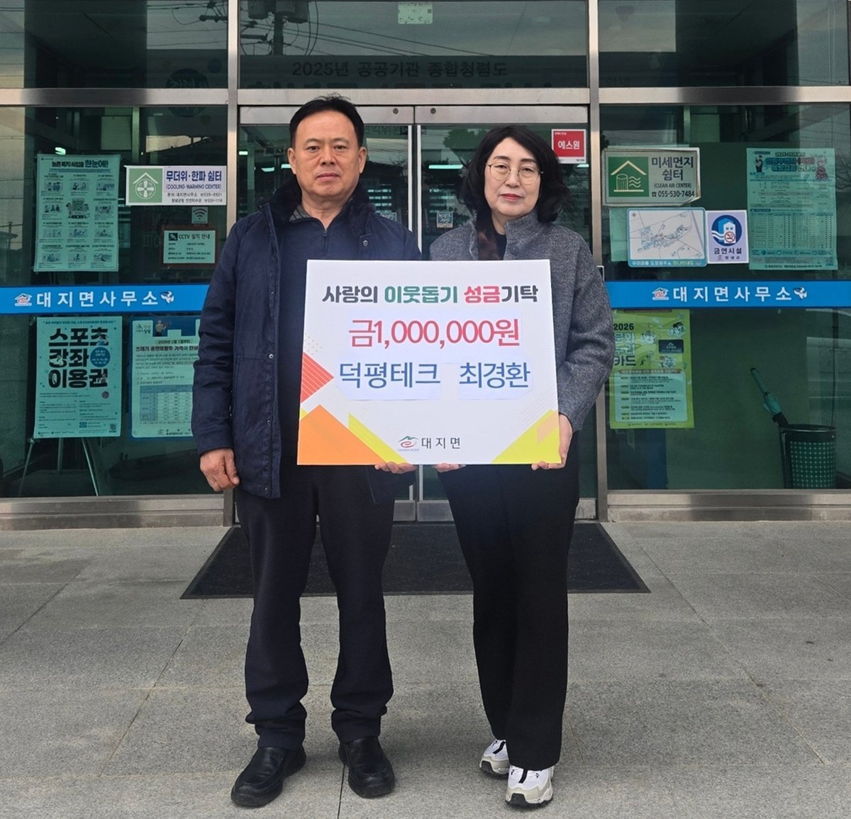 하연옥 면장은"매년 지역사회를 위해 따뜻한 나눔을 실천해주신 덕평테크 최경환 대표께 감사드린다"며 "기탁해주신 성금은 관내 취약계층을 위해 소중히 사용하겠다"고 말했다.
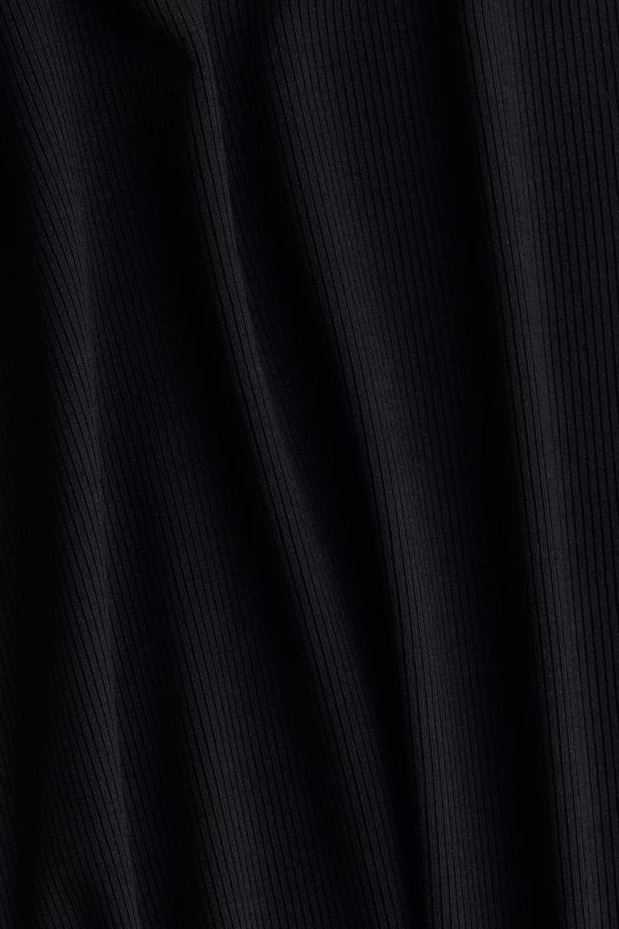 Short, fitted T-shirt in narrow-ribbed viscose jersey. Narrow trim at neckline and delicate lace trim at cuffs.
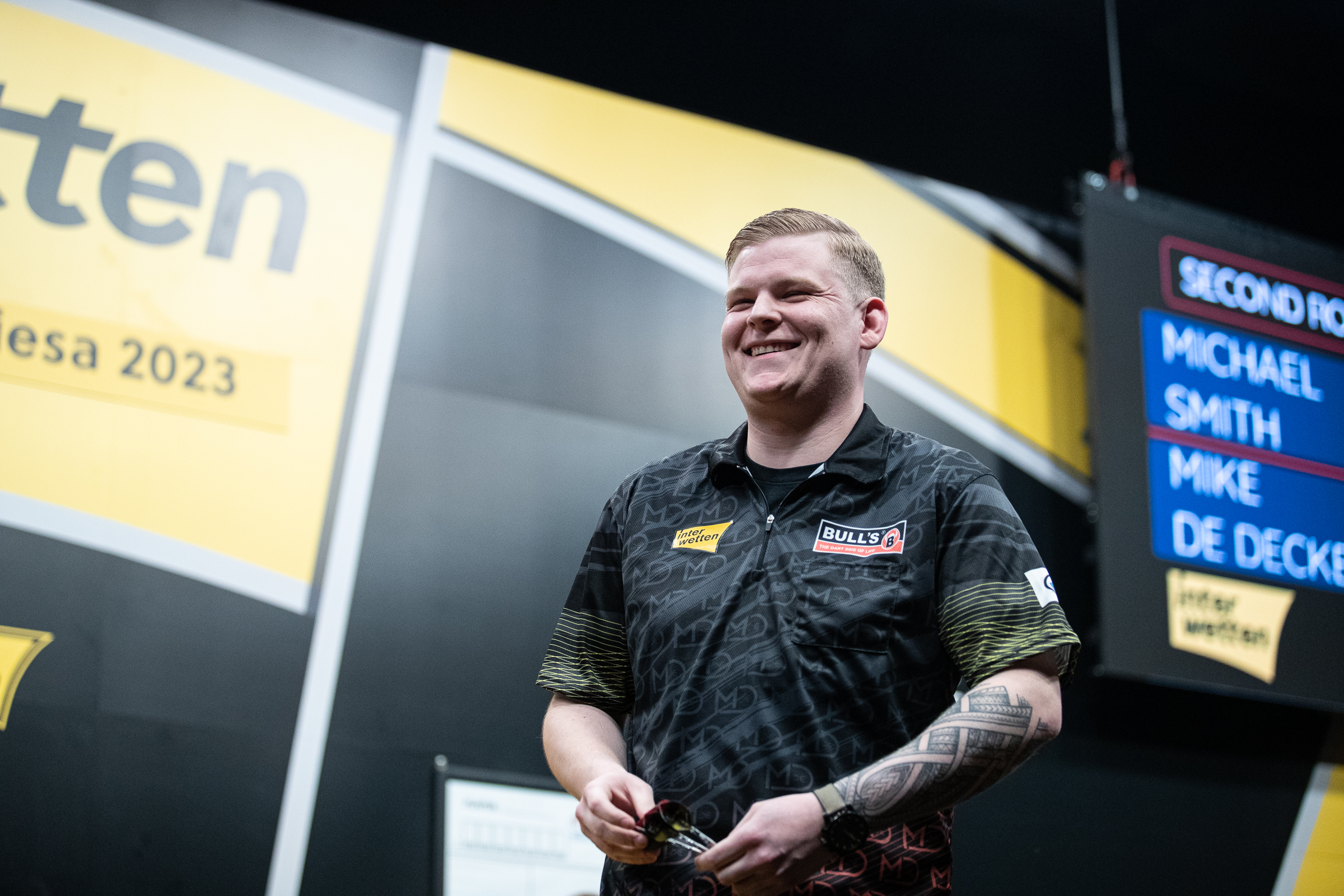 World Champion Michael Smith was a shock casualty on Day Two of the 2023 Interwetten International Darts Open, as he crashed out 6-1 to Mike De Decker in Riesa on Saturday.

----

--- Exercise objective ---
When a line carries an image, skip the image and repeat everything else above exactly as written.

--- Answer area ---
 하연옥 면장은"매년 지역사회를 위해 따뜻한 나눔을 실천해주신 덕평테크 최경환 대표께 감사드린다"며 "기탁해주신 성금은 관내 취약계층을 위해 소중히 사용하겠다"고 말했다.
 Short, fitted T-shirt in narrow-ribbed viscose jersey. Narrow trim at neckline and delicate lace trim at cuffs.
 World Champion Michael Smith was a shock casualty on Day Two of the 2023 Interwetten International Darts Open, as he crashed out 6-1 to Mike De Decker in Riesa on Saturday.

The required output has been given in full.